Ce si beau malheur
Valentin n’aime pas le bonheur. Il n’aime pas voir dans la rue un couple se tenant la main. Il n’aime pas voir au lycée deux personnes qui s’embrassent. Ces gens-là, qui montrent ouvertement leur bonheur, devrait être enfermés, internés. Valentin ne les aime pas, il n’aime pas que les autres lui crache à la gueule leur bonheur. Leur saleté de bonheur, tout beau, éternel et spontané. Un bonheur sans fin, mais qui finira demain. Valentin a l’impression que tous les autres font exprès de lui montrer leur bonheur pour qu’il comprenne mieux son malheur. Son malheur si beau, si chétif, si… présent. Vendredi encore, Valentin a aperçu son meilleur ami dans les bras d’une fille. Ce n’est rien, Valentin à l’habitude. Une fille…
Valentin en a marre. Il en a assez de bouffer du malheur à longueur de temps. Ce malheur aigri, fatigué, rance, pourri et dégueulasse. Ce malheur qui lui fait vomir des larmes. Ce putain de malheur qu’il n’arrive pas à tuer. Il a bien essayé plusieurs fois de tuer ce malheur bouseux qui lui colle à la peau, mais c’est dur. On ne tue pas un malheur comme un homme. Pour un homme c’est facile, il suffit de serrer le cou de la victime très fort avec ses mains et en moins de rien c’est fini. Mais le malheur lui, est vicieux et prévoyant. Il n’a pas de cou, pas de coeur, pas de cerveau, rien qui puisse être tué matériellement. Valentin aurait beau essayer d'étrangler son malheur, il resterait là, dans sa tête, à faire pleurer son corps et à faire grincer son coeur.
Valentin voudrait connaître le bonheur. Il voudrait pouvoir voler le bonheur des autres et se l’approprier, pour lui tout seul, son bonheur à lui, rien que pour lui. Mais non, ce n’est pas possible, le bonheur ne se dérobe pas, il se gagne. Mais Valentin ne sait pas comment gagner ce bonheur.
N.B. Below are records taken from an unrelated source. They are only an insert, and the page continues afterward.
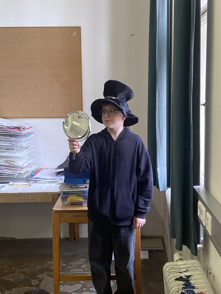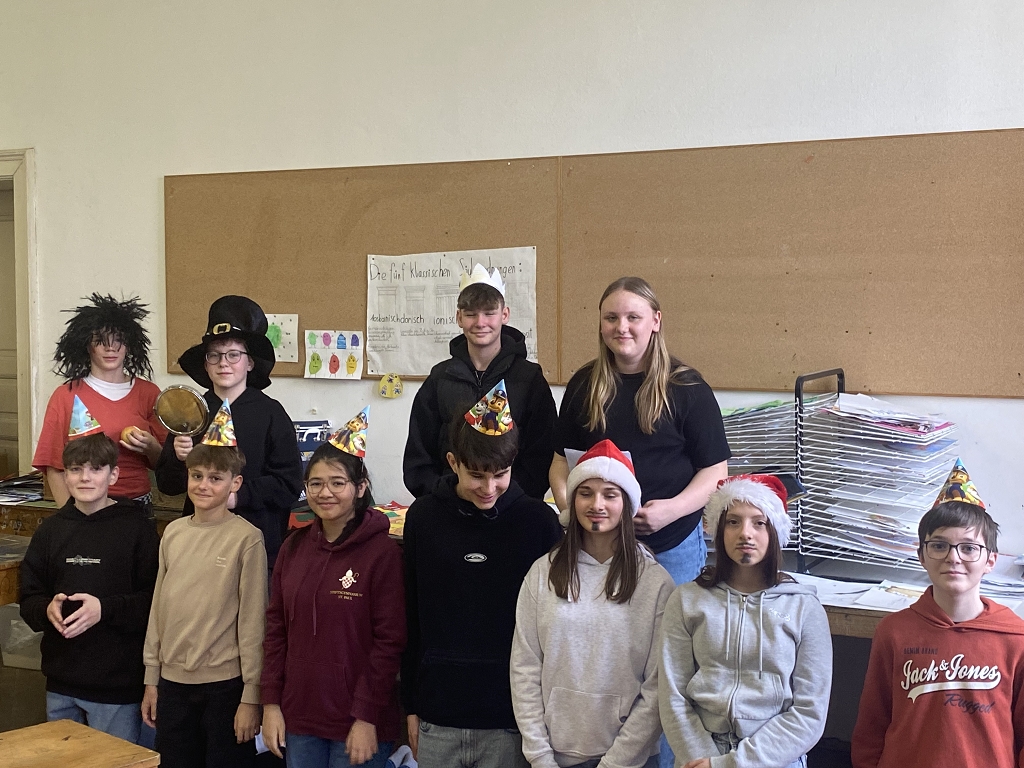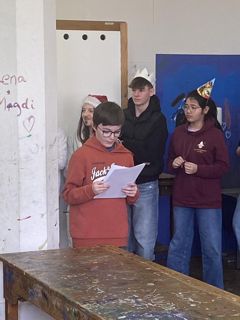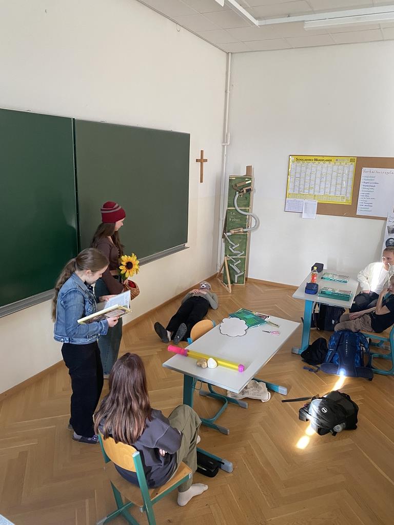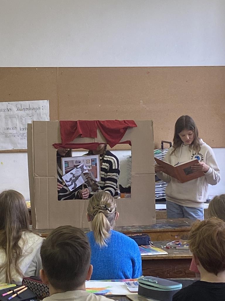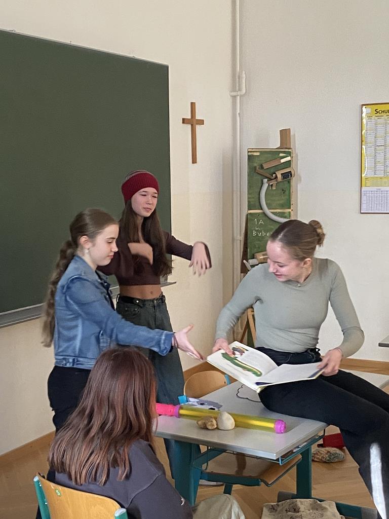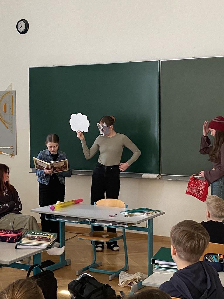 In der Unterstufe haben die Deutsch-Professor:innen der vierten und dritten Klassen individuelle Lesepakete für die Erst- und Zweitklassler zusammengestellt. Die dritten Klassen bereiteten für die ersten Klassen verschiedene Märchen vor. Es wurde aber nicht nur vorgelesen. Auch für das Auge war etwas dabei, denn die Schüler:innen integrierten das Vorlesen in Theaterstücke. Verschiedene Requisten und Kostüme wurden gebastelt und hergestellt. Eine Gruppe bereitete sogar ein Puppentheater für die Erstklässler vor. Mit viel Liebe zum Detail entstanden wunderbare Szenen, die die Schüler:innen der ersten Klassen begeisterten. Auch die „Großen“ hatten Freude daran, den Erstklässlern die Ergebnisse ihrer Arbeit zu präsentieren. Die vierten Klassen beschäftigen sich mit verschiedenen Balladen, die sie den Schüler:innen der zweiten Klassen näherbrachten. Einzelne Szenen wurden ebenso von den Viertklässlern nachgespielt, was das Verständnis des oft schwierigen Inhalts der Texte erleichtern sollte.
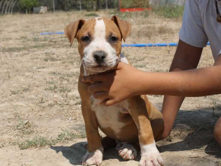 Sur une portée de six Amstaffs, il nous reste deux mâles à proposer. Les chiots sont nés le 16 juin 2022 et sont à réserver. Ceux-ci arborent le même pelage fauve et blanc. Nous les avons déjà inscrits au Livre des Origines Français (LOF).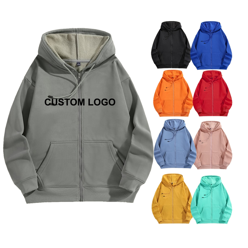 Nuova Felpa con Cappuccio Unisex Personalizzabile con Zip Intera, Oversize, Pesante, Calda per l'Inverno, Casual, con Stampa a Rilievo, Nera e Rossa

Il a déjà essayé, mais toutes ces tentatives ont raté. Être amoureux ? Ca a été encore pire, son coeur fut brisé en trop de morceaux pour qu’il puisse tous les récupérer. Être riche ? Non, trop bête comme idée, tout le monde sait que l’argent ne fait pas le bonheur. Être adulé ? Non, franchement Valentin ne se voyait pas sur un plateau télé à jouer la star capricieuse. Avoir des amis ? C’est pas mal, mais ce n’est pas encore le type de bonheur qu’il recherche. Valentin a des amis, pleins d’amis. Des filles, des garçons, des humains, des moins humains et des loufoques… Mais tous ses amis n’ont pu donner à Valentin assez de bonheur.
Alors aujourd’hui, Valentin cherche le bonheur ailleurs, dans d’autres domaines, dans des univers encore inexpliqués, des mondes parallèles ou perpendiculaires, des idées sans lendemain, des fruits sans jardin, des richesses sans butin, des sourires sans chagrin, des tout sans rien. Valentin ferait peut-être bien de parler à cette Léa… Ou il ferait mieux de laisser son destin se tracer… Valentin ne sait pas, il ne sait rien. Tout ce qu’il sait c’est qu’il ne faut rien prévoir, rien planifier, rien écrire pour l’avenir; il faut juste laisser son imagination et sa spontanéité jouer le rêve de demain, et laisser ce rêve libre, sans menottes au mains.